Statistical analysis
The results of the experiment were analyzed with a one-way ANOVA method using SPSS 23.0 software. Data were presented as mean ± SD. p < 0.05 was set as a significant difference between groups.
Results
TRIM44 promotes OC cell proliferation, migration, and invasion, and inhibits apoptosis in vitro
To determine the potential cellular function of TRIM44 in OC, we overexpressed TRIM44 in SKOV3 cells. Western blotting and RT-qPCR assays showed a dramatic increase in TRIM44 expression in SKOV3 (Fig. 1A, B). First, we applied the CCK8 assay for cell viability analysis.
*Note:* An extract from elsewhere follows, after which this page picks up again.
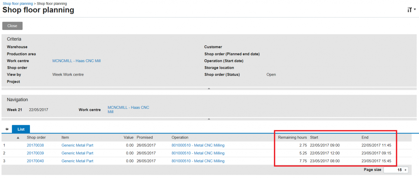 (Click to enlarge) We can use the shop floor planning screen to view all planned operations for a certain work center in a selected week, and make a report with the Report button:
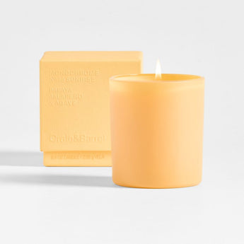 Totalmente moderna en naranja monocromático. Nuestra vela infunde el aire con los aromas de la papaya, los cítricos y el jalapeño en una mezcla tropical que evoca el sorbo de un picante Margarita en la playa. Envasada en una soleada caja de regalo naranja, el recipiente Cristal a juego lleno de cera en el mismo tono tiene un aspecto limpio y nítido que destaca sobre una mesa de centro, una cómoda o una repisa de chimenea. Parte de nuestra exclusiva colección de esencias Monochrome, la vela Nº 15 Amanecer es una exclusiva de Crate & Barrel.

We found that TRIM44 overexpression significantly promoted OC cell proliferation (Fig. 1C). Secondly, we used scratch assay to show that after 48 h of cell proliferation, the scratch healing distance of cells in the h-TRIM44 overexpression group was significantly narrower than that of the control group. Lateral migration ability of cells was accelerated, indicating that TRIM44 over-expression may be an improvement in the migration ability of SKOV3 cells (Fig. 1D, E). Moreover, the Transwell assay revealed that the number of cells migrating and invading cells through the membrane was significantly increased in the h-TRIM44 overexpression group compared with the control group, suggesting that TRIM44 overexpression could improve the migration and invasion ability of SKOV3 cells (Fig. 1F, G, H). Finally, TUNEL experiments showed that h-TRIM44 overexpression significantly reduced the number of apoptotic cells, and TRIM44 overexpression reduced the apoptotic capacity of SKOV3 cells (Fig. 1I, J). In conclusion, overexpression of TRIM44 promotes the malignant biological behaviour of OC cells, enhances proliferation, migration and invasion of SKOV3 cells and inhibits apoptosis.
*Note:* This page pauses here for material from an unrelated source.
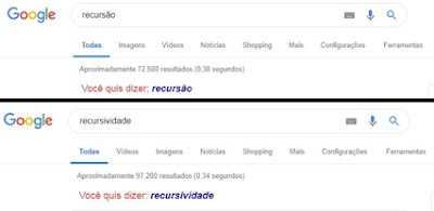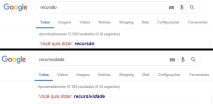 As palavras recursão e recursividade significam repetição. Ao realizar pesquisas com esses termos o Google, "acidentalmente", as repete ao aparecer as seguintes frases "você quis dizer: recursão" e "você quis dizer: recursividade".

Effect of TRIM44 on the malignant biological behavior of OC cells. (A) PCR assessment of TRIM44 expression changes. (B) Protein blotting to assess the change in TRIM44 expression. (C) Detection of the effect of TRIM44 on cell viability. (D, E) Representative images and quantification of the effect of TRIM44 on cell migration healing ability were examined. (F, G, H) To detect the effect of TRIM44 on cell migration and invasion. (I, J) Effect of TRIM44 on apoptosis (Apoptosis cell rate = TUNEL positive cell count ÷ total cell count × 100%). Data are presented as mean ± SD (n = 3). *, P < 0.05; **, P < 0.01; ***, P < 0.001
TRIM44 regulates the growth of OC cells through NF-κB signaling pathway
To elucidate the mechanism of TRIM44-mediated OC progression, we investigated the NF-κB signaling pathway in SKOV3 cells. The results in Fig. 2A showed that TRIM44 overexpression significantly increased the expression levels of TNF-α, IL-1β, and IL-8 in the cell supernatant compared with the control. In contrast, further analysis applying Western blot experiments showed that TRIM44 overexpression significantly promoted IKKβ, p-IκBα and NF-κB p65 protein expression, while significantly inhibiting the expression of IκBα protein (Fig. 2B). In addition, TRIM44 overexpression significantly upregulated the expression of Bcl-2 and MMP-9 protein and downregulated the expression level of Caspase3 protein, the downstream target proteins of the pathway, compared with the control group (Fig. 2C, D, E). These results suggest that TRIM44 may be able to promote the anti-apoptotic and invasive ability of SKOV3 cells through activation of the NF-κB signaling pathway.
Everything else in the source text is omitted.